Insurance Coordination and Crisis Management
Cyber insurance has become a standard component of enterprise risk management, yet many organisations discover gaps in their understanding of policy requirements only when filing a claim. The session addresses the coordination between incident response activities and insurance obligations, an area where missteps can jeopardise coverage or create disputes with carriers.
Insurers typically require prompt notification, use of approved vendors for forensic investigation, and documentation standards that may differ from an organisation’s internal practices. Breach coaches often serve as intermediaries in this relationship, ensuring that response activities satisfy both operational needs and policy requirements. For organisations that have not previously experienced a significant incident, understanding these dynamics before a breach occurs can prevent costly surprises during an already stressful situation.
Crisis management extends beyond technical and legal considerations to encompass internal and external communications, business continuity decisions, and stakeholder management. The webinar’s practical focus includes these broader organisational challenges, recognising that effective incident response requires coordination across functions that may not regularly interact.
Who Should Attend
The session is designed for professionals who bear responsibility for cyber incident preparedness and response, whether from technical, legal or business perspectives. IT managers and security analysts will benefit from understanding the legal dimensions that shape response decisions. CISOs and risk managers can gain insight into coordination challenges that span organisational boundaries. Legal counsel specialising in data privacy and cybersecurity will find value in the operational perspectives offered by incident response practitioners.

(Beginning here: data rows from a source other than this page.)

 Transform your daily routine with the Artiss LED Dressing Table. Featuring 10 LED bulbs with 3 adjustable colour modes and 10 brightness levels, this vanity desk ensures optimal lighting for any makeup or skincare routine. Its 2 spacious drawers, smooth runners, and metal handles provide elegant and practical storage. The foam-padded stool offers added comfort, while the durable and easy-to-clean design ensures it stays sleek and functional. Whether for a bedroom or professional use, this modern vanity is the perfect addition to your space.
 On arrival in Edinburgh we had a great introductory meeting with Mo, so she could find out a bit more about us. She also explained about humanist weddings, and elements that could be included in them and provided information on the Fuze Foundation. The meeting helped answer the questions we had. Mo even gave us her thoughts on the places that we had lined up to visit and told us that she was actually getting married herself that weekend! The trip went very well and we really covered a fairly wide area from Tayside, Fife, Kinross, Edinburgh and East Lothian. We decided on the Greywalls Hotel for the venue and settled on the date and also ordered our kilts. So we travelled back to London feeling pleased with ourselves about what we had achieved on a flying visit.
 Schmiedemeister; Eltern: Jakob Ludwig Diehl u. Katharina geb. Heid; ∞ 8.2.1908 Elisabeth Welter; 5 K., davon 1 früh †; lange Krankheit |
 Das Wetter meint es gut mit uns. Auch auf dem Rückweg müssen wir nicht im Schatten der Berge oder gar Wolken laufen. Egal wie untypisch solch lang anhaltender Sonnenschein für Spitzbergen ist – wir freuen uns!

Managed service providers represent a particularly relevant audience, as they often serve as the first line of response for client organisations and must navigate complex questions of responsibility, communication and escalation. MSP executives and technical staff can apply the lessons from this session to improve their own incident response offerings and client advisory capabilities.
Industry Context
The intersection of cybersecurity incident response and legal strategy has grown increasingly complex as regulatory frameworks mature and litigation following breaches becomes more common. Organisations now operate under overlapping notification requirements from sector-specific regulations, state and national data protection laws, and contractual obligations to customers and partners. The window for making critical decisions after a breach has compressed, while the consequences of those decisions have expanded.

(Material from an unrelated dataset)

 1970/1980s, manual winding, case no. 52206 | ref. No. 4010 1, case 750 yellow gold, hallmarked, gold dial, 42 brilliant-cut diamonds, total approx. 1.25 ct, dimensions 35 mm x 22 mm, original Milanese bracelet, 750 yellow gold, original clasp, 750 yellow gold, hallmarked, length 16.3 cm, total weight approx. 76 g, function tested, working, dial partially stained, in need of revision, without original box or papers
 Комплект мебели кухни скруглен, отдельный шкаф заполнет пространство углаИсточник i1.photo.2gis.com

This environment has elevated the importance of pre-incident preparation that extends beyond technical controls to include legal relationships, insurance review and cross-functional coordination planning. Events like this webinar reflect a growing recognition that incident response is not solely a technical discipline but an organisational capability that requires integration across security, legal, risk management and executive leadership.
Conclusion
For organisations seeking to strengthen their incident response capabilities, this webinar offers a rare opportunity to learn from real-world experience without bearing the cost of that experience directly. The combination of technical, legal and operational perspectives provides a more complete picture of effective breach response than any single discipline can offer alone. As cyber incidents continue to challenge organisations across all sectors, the practical insights from sessions like this become increasingly valuable for professionals responsible for protecting their organisations and guiding them through crisis.